The Kennedy Energy Park (KEP) in North Queensland, which combines wind, solar and energy storage technologies, is unlikely to reach full commercial operations in the next four to five months even though it has been fully installed and energised.
This is according to a forecast by the engineering, procurement and construction (EPC) contractor, a joint venture between Vestas Wind Systems A/S (CPH:VWS) and Quanta Services Inc (NYSE:PWR).
Windlab Ltd (ASX:WND), one of the two companies behind the Kennedy Energy Park project, said in an update on Tuesday that the EPC contractor has failed to deliver in time a fully functioning, compliant generator performance standard (GPS) model and electrical plant meeting the network standards. This has so far prevented the registration of the project as a generator, which is key for launching full commercial operation.
The Kennedy complex combines 43.2 MW of wind, 15 MW of solar and 2 MW/4 MWh of Tesla battery storage capacity. It started generating limited volumes of power in August 2019.
The project developers, Australian Windlab and Japanese firm Eurus Energy Holdings Corp, earlier this year sought liquidated damages from the contractor, which disputed these and in turn requested certain milestone payments. The dispute has now escalated to a security of payment adjudication.
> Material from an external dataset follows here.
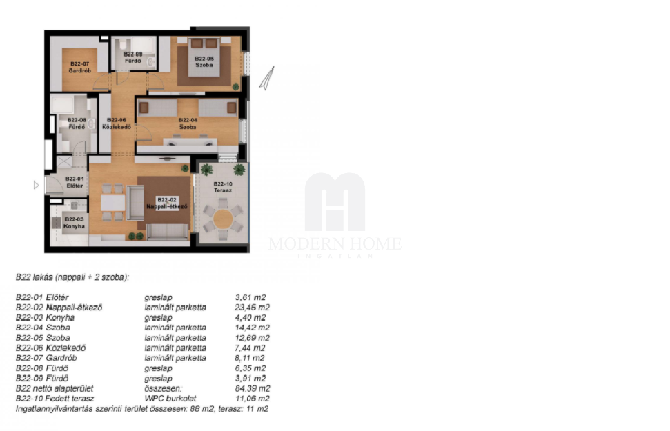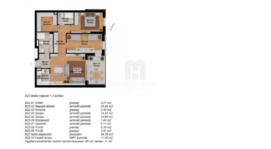 B22 lakás: második emeleti, 88 nm, előtér + közlekedő + amerikai konyha + nappali + érkező + 2 szobás + gardróbos + 2 fürdőszobás ( duplakomfortos ), ehhez tartozó 11 nm terasz!

The Kennedy developers have until November 26 to respond to the EPC contractor’s submission to the adjudicator.
“Windlab believes that Kennedy Energy Park has recourse under the terms of the EPC contract for these ongoing delays and costs if substantive legal proceedings become necessary,” Windlab said.
According to the update, the original construction and commissioning programme for the project is already 13 months behind schedule.